The history of science is littered with wild claims completely contrary to intuition and consensus being mocked and ridiculed by the establishment, then years later those theories become accepted as having been right all along. Oops. The first scientist who said disease was caused by minuscule “germs” invisible to the human eye was considered insane by the mainstream scientific community at the time… until it turned out he was right. There is undoubtedly science today considered “alternative pseudoscience” and “conspiracy theory” which will become accepted mainstream scientific consensus in the future. Certainly not all—much alternative pseudoscience is bunk—but we cannot know which heterodox ideas are valid unless they are all heard out. Even if 99% of alternative theories are wrong, the 1% that are right will have been worth it.
The Science is Settled?
Scientific consensus is constantly changing.

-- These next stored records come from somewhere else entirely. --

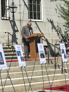 Justice Reiber spoke next, noting how Supreme Court business was originally conducted rotating hearings among courthouses in shire towns. The ceremony proceeded to go through a brief history of each county, in order of establishment, with VBA President Dan Maguire presenting each county’s presiding judge and County Bar President with a marble plaque, made of marble from the original Court’s construction. Each presiding judge, or designee, read fascinating stories about the birth of their county and its courthouse. More detail for each county and their landmark cases can be found in Paul Gillies’ essay, HERE. First up was Bennington County.
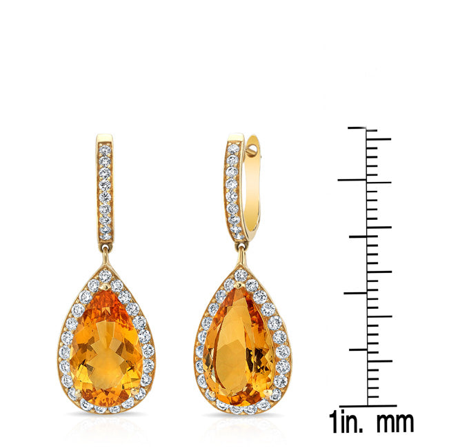18k Yellow Gold Earrings With 2 15x9mm Pear Shape Smokey Quartz And 64 Brilliant Cut Diamonds Weighing 1 1/6 Ctw.
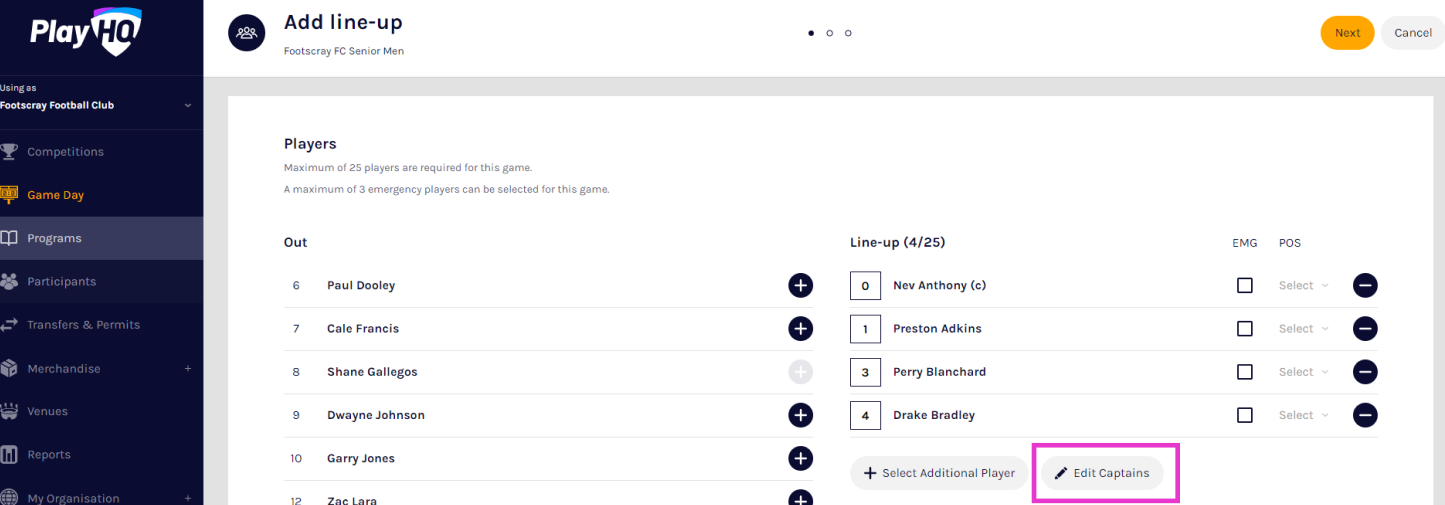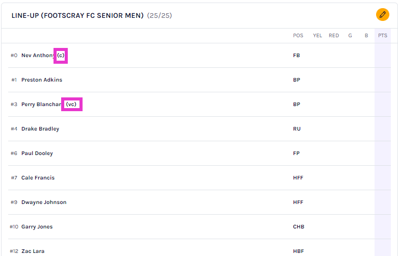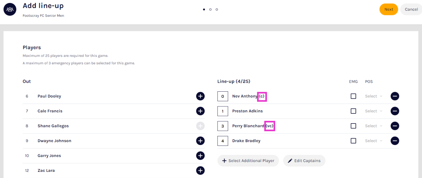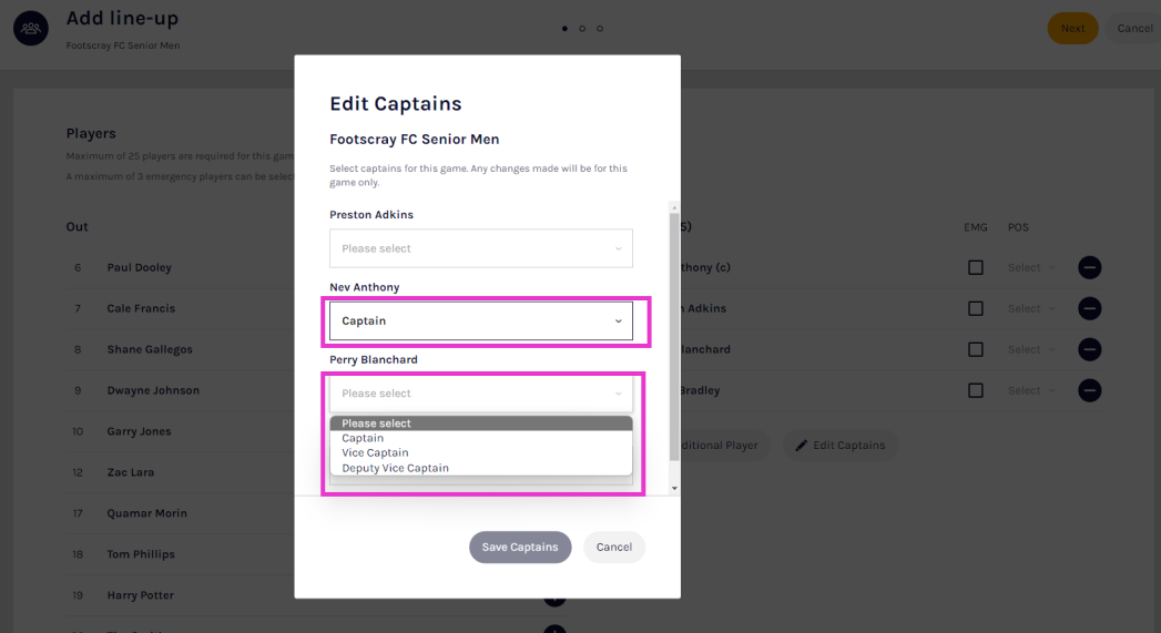 Team captains will be preselected. Captaincy roles can be amended for existing captains or new positions assigned to players added to the lineup. In the example, Nev was selected as a captain on the team page. Perry can also be selected as a captain for this game.
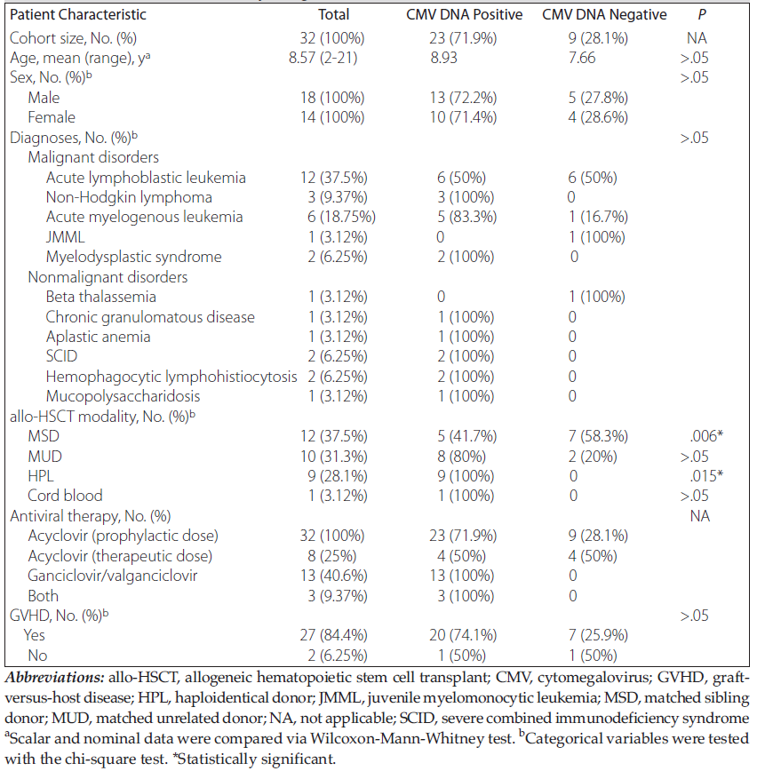Materials and Methods: Thirty-two pediatric recipients of allogeneic hematopoietic stem cell transplant to treat various malignant and nonmalignant disorders were prospectively monitored for cytomegalovirus infection. The real-time quantitative polymerase chain reaction was used for pathogen detection and quantitation. Demographic and virologic parameters were statistically analyzed with SPSS statistics software (version 20).
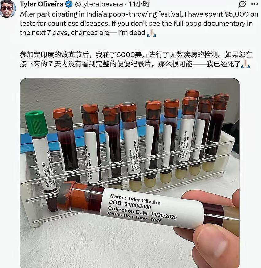男子挑戰「印度潑屎節」回來后「進醫院花15萬」崩潰回應:不知能否挺過7天
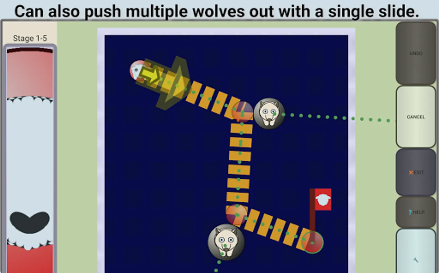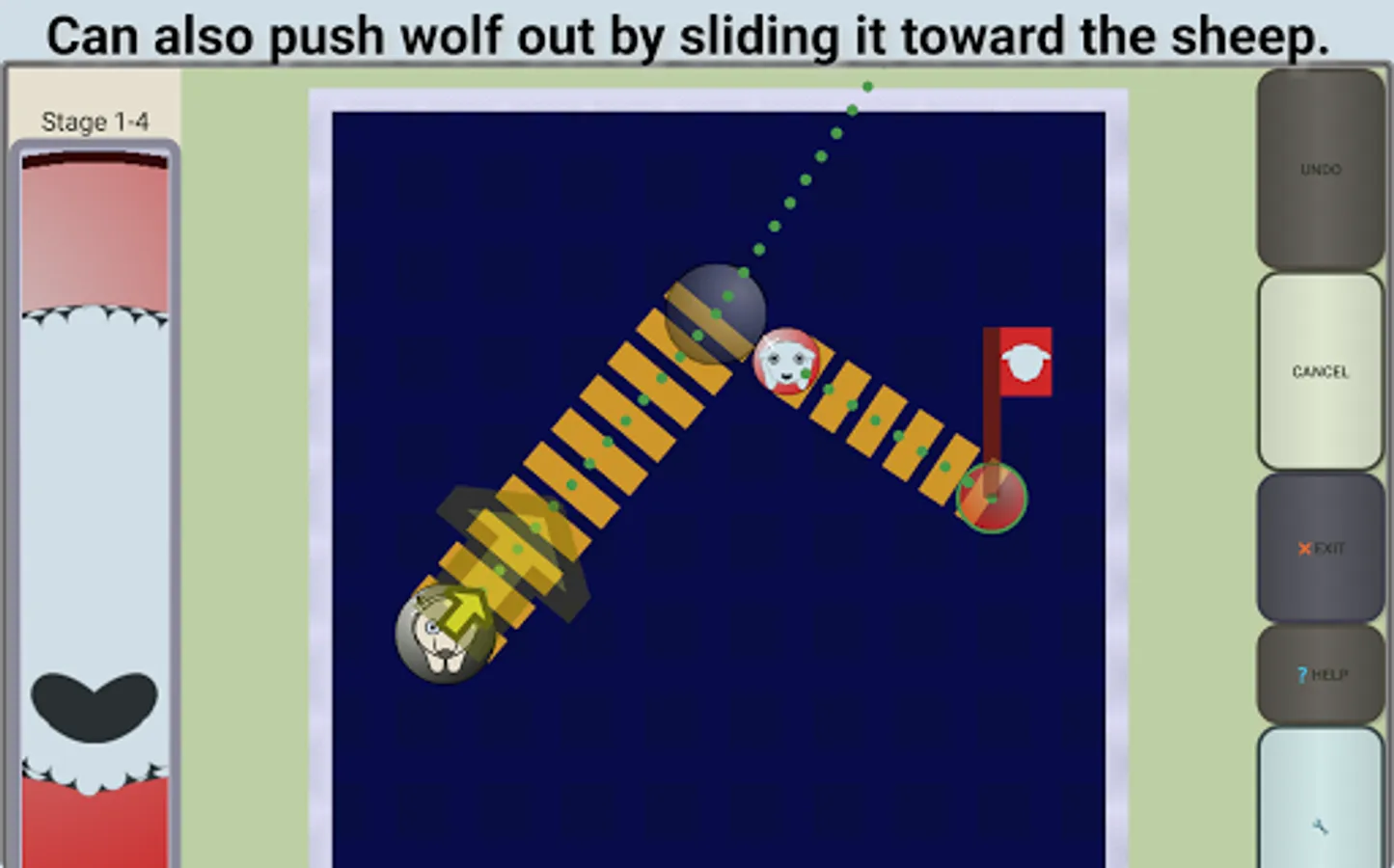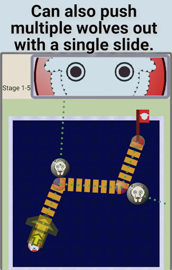 Can also push wolf out by sliding it toward the sheep.
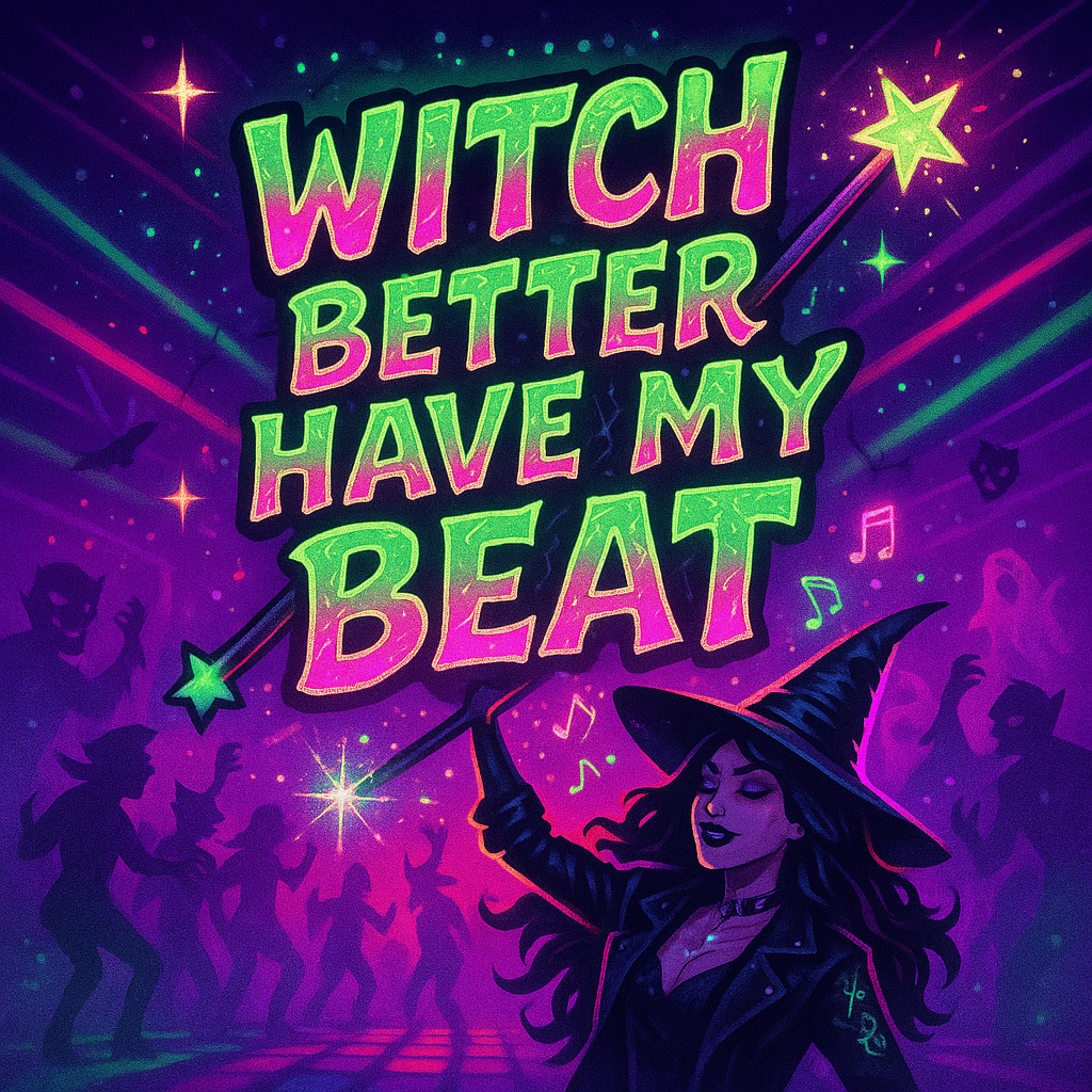 An energetic K-pop monster dance anthem titled “Witch Better Have My Beat” featuring fierce female vocals in anime style, The instrumental is driven by groovy trombones, stomping rhythms, loud snare hits, clap loops, and fiery Latin-inspired “arriba” percussion, Includes brassy breakdowns, spell-chanted pre-choruses, and punchy drum rolls, The vocals are playful, commanding, and witch-themed with a pop diva attitude — like a magical cheer captain hexing the dancefloor, The arrangement blends pop charm with monster mischief and marching band swagger, perfect for a supernatural K-pop showcase, All lyrics are in English

No science is ever “settled.” Just look at how much the food pyramid has changed over the decades. Remember, it was once a settled “scientific fact” that the earth was flat, but now everyone laughs at those who still believe that. Science is not the Truth, but a quest to be less wrong. This means all current science is almost certainly wrong to some degree, in that it is not the final and ultimate Truth on the matter. Science is always (ideally) progressing toward truth, but it is never the full and final truth (see Gödel’s incompleteness theorems). Some science is less wrong than others, but no science is ever infallible.
That doesn’t mean science is worthless. To the contrary, as incomplete as current scientific data may be, it can still be extremely valuable in helping to weigh cost-benefit analyses when deciding what is best to do for yourself and your health. Plus the continual advancement of technology enables scientists to capture more and more accurate data. However, recognize what science actually is (data derived through observation and experimentation) and what the limits of that data are. Know that the best scientific decision will always be different for various members of society. What is right for one may be wrong for another. This is not a critique of science—I love science—but what many people today call “science” and lambast others for not “believing” is not at all science.